To further confirm our assignment, a comparison of the brighter dots on HOPG and Ag (111) under high-resolution STM is shown in Fig. 4. It is obvious that in Fig. 4a, the COR molecule with bowlup configuration possesses a hollow center with a rough pentagonal doughnut shape, which is consistent with features of the simulated bowl-up COR. While in Fig. 4b, the COR molecule accounted as bowl-down configuration is more protruding in the center and the molecule shape is obscure, which also resembles simulated bowl-down topography. We noted that on Ag (111) substrate, the configuration preference of COR disappears: both bowl-up and bowl-down COR exist in almost equal amount. In other words, the adoption of bowl-up or bowl-down configuration is random. We suggest that the strong COR-Ag (111) interfacial interaction constrains the movement and bowl inversion of COR molecules. Once adsorbed on Ag (111), COR molecule could only retain its initial configuration and therefore both configurations have equal chance to appear.
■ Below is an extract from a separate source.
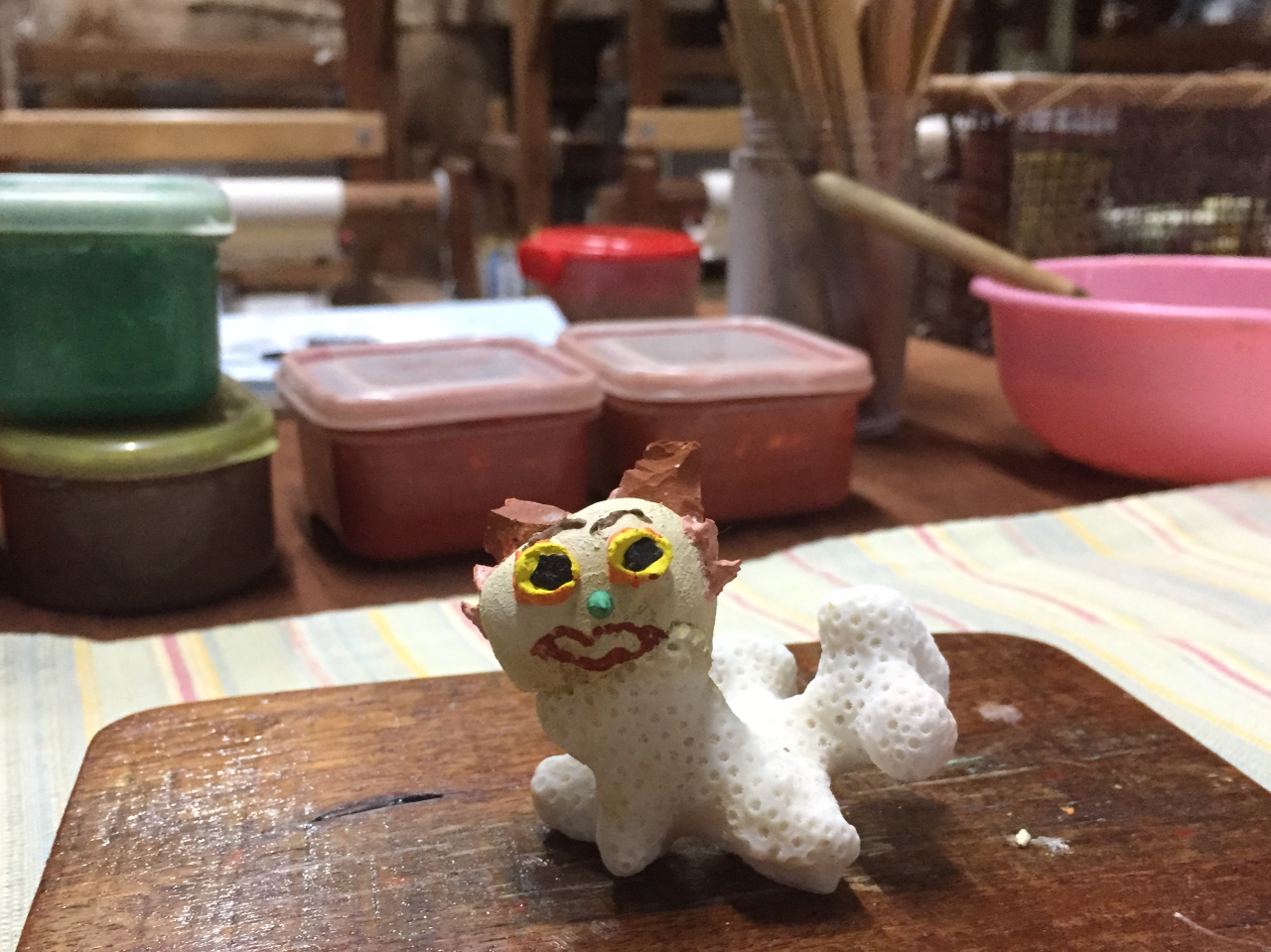★漆喰の頭に、顔料と混ぜた漆喰で顔作成
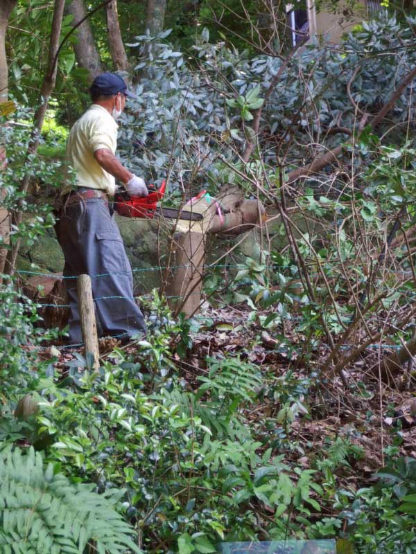 今月半ばから3日間かけて、仕事場の周りの木の伐採が行われました。立っているのも大変な急勾配の敷地なので、雨だったり地面が濡れていると滑るので、お天気と睨めっこしながらの日程でした。

Co-assembly monolayer of F16CuPc and COR on Ag (111) was also prepared by further evaporating F16CuPc molecules onto the COR covered substrate. STM image reveals the long range-ordered binary molecular networks with a molecular ratio of 1 : 4. The unit cell is outlined in Fig. 5a with features including g=h=2.73 nm and θ4=100°. Corresponding schematic packing model for the binary structure is shown in Fig. 5b. All the F16CuPc molecules lie in the same orientation and each F16CuPc molecule is surrounded by 8 COR molecules.
In summary, we have investigated the binary supramolecular structure of F16CuPc-COR monolayer assembled on HOPG andAg (111) substrates. The formation of multiple intermolecular hydrogen bonding between F16CuPc and COR could result in a preferred bowl-down configuration for COR molecules on the weakly interacting HOPG. In contrast, this configuration preference disappears on Ag (111) substrate where the adoption of bowl-up or bowl-down configuration is random, resulting from the strong molecule-substrate interactions. Our work would further reinforce the modification of surface with binary molecular networks consisting of COR and its derivatives.